Skip the pictures and give back the rest of the listing exactly.

:: DATASET EXTRACT ::
+===+

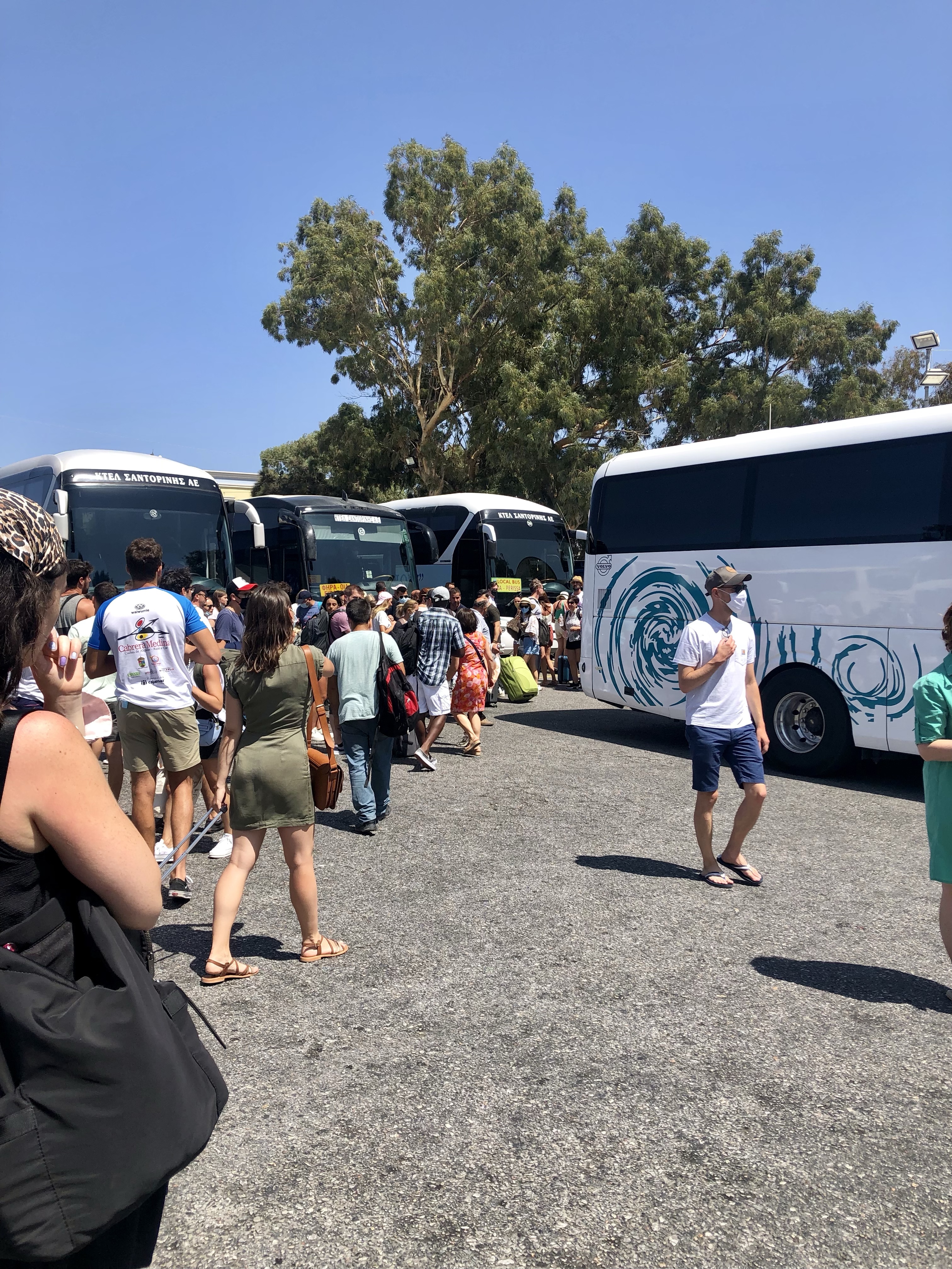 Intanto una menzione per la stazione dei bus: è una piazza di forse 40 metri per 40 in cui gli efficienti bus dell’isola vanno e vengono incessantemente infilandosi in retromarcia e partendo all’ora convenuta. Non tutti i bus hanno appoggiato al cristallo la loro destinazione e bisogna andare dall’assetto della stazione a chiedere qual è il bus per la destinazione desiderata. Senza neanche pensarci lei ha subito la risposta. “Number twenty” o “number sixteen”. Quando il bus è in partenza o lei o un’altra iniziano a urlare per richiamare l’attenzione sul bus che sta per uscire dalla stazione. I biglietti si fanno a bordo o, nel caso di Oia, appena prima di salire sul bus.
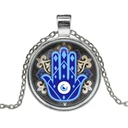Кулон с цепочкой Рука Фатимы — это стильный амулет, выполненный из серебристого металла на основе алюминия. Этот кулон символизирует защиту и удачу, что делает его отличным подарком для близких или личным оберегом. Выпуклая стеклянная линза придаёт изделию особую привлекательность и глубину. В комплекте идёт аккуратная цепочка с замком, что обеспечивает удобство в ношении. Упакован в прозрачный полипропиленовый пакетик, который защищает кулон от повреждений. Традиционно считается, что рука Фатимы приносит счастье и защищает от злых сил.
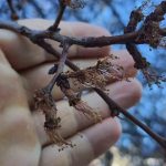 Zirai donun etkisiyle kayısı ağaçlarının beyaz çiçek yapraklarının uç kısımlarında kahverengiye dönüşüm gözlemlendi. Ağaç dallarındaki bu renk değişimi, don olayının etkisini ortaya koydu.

+===+

:: ANSWER TO THIS TASK ::
 Intanto una menzione per la stazione dei bus: è una piazza di forse 40 metri per 40 in cui gli efficienti bus dell’isola vanno e vengono incessantemente infilandosi in retromarcia e partendo all’ora convenuta. Non tutti i bus hanno appoggiato al cristallo la loro destinazione e bisogna andare dall’assetto della stazione a chiedere qual è il bus per la destinazione desiderata. Senza neanche pensarci lei ha subito la risposta. “Number twenty” o “number sixteen”. Quando il bus è in partenza o lei o un’altra iniziano a urlare per richiamare l’attenzione sul bus che sta per uscire dalla stazione. I biglietti si fanno a bordo o, nel caso di Oia, appena prima di salire sul bus.
Кулон с цепочкой Рука Фатимы — это стильный амулет, выполненный из серебристого металла на основе алюминия. Этот кулон символизирует защиту и удачу, что делает его отличным подарком для близких или личным оберегом. Выпуклая стеклянная линза придаёт изделию особую привлекательность и глубину. В комплекте идёт аккуратная цепочка с замком, что обеспечивает удобство в ношении. Упакован в прозрачный полипропиленовый пакетик, который защищает кулон от повреждений. Традиционно считается, что рука Фатимы приносит счастье и защищает от злых сил.
 Zirai donun etkisiyle kayısı ağaçlarının beyaz çiçek yapraklarının uç kısımlarında kahverengiye dönüşüm gözlemlendi. Ağaç dallarındaki bu renk değişimi, don olayının etkisini ortaya koydu.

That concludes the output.